Adam and AdamW: How They Work and When They Fail

Published:

Adam is the default optimizer in modern deep learning, often converging faster and more reliably than stochastic gradient descent. This improved performance comes at the cost of roughly three times the memory requirement for SGD. Moreover, when weight decay is involved, Adam does not optimize the same objective as SGD as you might expect. This post explains how Adam works, where its memory overhead comes from, and how the interaction with weight decay can cause unexpected behavior.

Notations. Throughout this post, $\theta \in \mathbb{R}^d$ denotes the model parameters, $\nabla_\theta f$ denotes the gradient of $f$ with respect to $\theta$, and $g_t$ denotes the minibatch gradient at step $t$. The learning rate is $\eta$, and the symbol $\odot$ denotes elementwise multiplication. Adam’s hyperparameters are $\beta_1$ and $\beta_2$ for the exponential moving average decay rates, and $\epsilon$ for numerical stability. The regularization strength is $\lambda$.

Motivation

In deep learning, we want to minimize a loss function over the parameters of a neural network. Given a dataset $\mathcal{D}$ and parameters $\theta \in \mathbb{R}^d$, we solve

\[\min_\theta \; f(\theta) = \min_\theta \; \frac{1}{|\mathcal{D}|} \sum_{x \in \mathcal{D}} \ell(x; \theta),\]

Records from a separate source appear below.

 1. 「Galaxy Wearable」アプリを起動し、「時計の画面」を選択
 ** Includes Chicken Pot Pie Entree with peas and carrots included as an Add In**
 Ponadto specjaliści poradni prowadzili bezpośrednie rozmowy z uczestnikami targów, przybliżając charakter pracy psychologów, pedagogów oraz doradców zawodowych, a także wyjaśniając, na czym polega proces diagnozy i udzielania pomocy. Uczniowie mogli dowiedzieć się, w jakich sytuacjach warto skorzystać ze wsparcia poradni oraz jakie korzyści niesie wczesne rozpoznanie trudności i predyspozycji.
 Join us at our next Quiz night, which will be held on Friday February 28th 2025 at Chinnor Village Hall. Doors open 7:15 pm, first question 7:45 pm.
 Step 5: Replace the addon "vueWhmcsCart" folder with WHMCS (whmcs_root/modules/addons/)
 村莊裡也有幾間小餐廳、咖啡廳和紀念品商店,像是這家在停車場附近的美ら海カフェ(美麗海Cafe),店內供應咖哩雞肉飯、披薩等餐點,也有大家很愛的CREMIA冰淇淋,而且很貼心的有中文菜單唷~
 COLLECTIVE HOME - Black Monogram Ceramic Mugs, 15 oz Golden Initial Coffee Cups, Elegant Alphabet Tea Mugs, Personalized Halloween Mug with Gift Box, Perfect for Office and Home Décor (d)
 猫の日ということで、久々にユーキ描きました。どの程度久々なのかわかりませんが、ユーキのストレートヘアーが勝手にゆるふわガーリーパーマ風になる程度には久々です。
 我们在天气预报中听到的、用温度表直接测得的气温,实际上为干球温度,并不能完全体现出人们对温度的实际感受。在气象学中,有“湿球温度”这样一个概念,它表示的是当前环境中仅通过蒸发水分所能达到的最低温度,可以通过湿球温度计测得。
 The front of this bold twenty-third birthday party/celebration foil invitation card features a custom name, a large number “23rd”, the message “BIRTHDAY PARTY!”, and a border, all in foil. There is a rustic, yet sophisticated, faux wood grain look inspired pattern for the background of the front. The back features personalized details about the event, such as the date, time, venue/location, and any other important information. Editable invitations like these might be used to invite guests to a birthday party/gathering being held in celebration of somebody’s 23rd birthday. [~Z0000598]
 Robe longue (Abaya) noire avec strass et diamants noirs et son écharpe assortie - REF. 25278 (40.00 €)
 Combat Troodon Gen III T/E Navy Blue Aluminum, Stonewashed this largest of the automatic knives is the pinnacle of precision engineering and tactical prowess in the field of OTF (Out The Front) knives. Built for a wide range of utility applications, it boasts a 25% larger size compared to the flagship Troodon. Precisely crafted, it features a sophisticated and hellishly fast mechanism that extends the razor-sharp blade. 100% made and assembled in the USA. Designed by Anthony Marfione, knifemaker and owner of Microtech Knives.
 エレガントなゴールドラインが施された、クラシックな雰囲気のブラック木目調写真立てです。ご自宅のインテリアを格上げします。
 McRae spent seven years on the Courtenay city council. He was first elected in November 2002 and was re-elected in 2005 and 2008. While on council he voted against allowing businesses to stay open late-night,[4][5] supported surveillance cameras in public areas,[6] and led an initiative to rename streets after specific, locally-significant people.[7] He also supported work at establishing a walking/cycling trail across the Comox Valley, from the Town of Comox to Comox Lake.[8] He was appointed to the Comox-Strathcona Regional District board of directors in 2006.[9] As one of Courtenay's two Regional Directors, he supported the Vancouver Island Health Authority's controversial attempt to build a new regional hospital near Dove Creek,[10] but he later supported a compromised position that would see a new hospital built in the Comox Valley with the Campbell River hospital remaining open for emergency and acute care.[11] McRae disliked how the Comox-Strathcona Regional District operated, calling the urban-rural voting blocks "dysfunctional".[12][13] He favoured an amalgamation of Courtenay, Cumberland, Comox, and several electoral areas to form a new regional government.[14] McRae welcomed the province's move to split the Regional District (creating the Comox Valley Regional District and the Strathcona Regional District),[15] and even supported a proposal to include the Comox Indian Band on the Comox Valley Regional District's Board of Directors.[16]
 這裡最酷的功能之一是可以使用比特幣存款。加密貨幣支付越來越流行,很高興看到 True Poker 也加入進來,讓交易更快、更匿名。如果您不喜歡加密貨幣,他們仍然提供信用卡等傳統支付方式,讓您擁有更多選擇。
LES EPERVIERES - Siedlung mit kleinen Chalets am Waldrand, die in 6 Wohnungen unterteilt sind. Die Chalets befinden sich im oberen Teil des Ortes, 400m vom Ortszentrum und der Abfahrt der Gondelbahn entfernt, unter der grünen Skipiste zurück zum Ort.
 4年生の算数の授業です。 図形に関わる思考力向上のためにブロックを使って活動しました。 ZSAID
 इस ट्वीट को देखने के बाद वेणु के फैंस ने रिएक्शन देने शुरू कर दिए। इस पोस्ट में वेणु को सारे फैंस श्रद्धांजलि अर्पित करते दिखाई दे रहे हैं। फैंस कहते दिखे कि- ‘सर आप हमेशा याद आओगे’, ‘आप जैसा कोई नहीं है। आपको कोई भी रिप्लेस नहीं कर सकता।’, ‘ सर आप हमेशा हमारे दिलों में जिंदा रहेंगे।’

where $\ell(x; \theta)$ is the loss on a single example. Gradient descent updates the parameters by taking a step in the direction of steepest descent.

\[\theta_{t+1} = \theta_t - \eta \nabla_\theta f(\theta_t).\]

Stochastic Gradient Descent and Its Drawbacks

In practice, modern datasets are too large to compute the full gradient $\nabla_\theta f(\theta_t)$ at each step. Instead, we approximate the gradient using a minibatch $\mathcal{B}_t \subset \mathcal{D}$ sampled at each iteration.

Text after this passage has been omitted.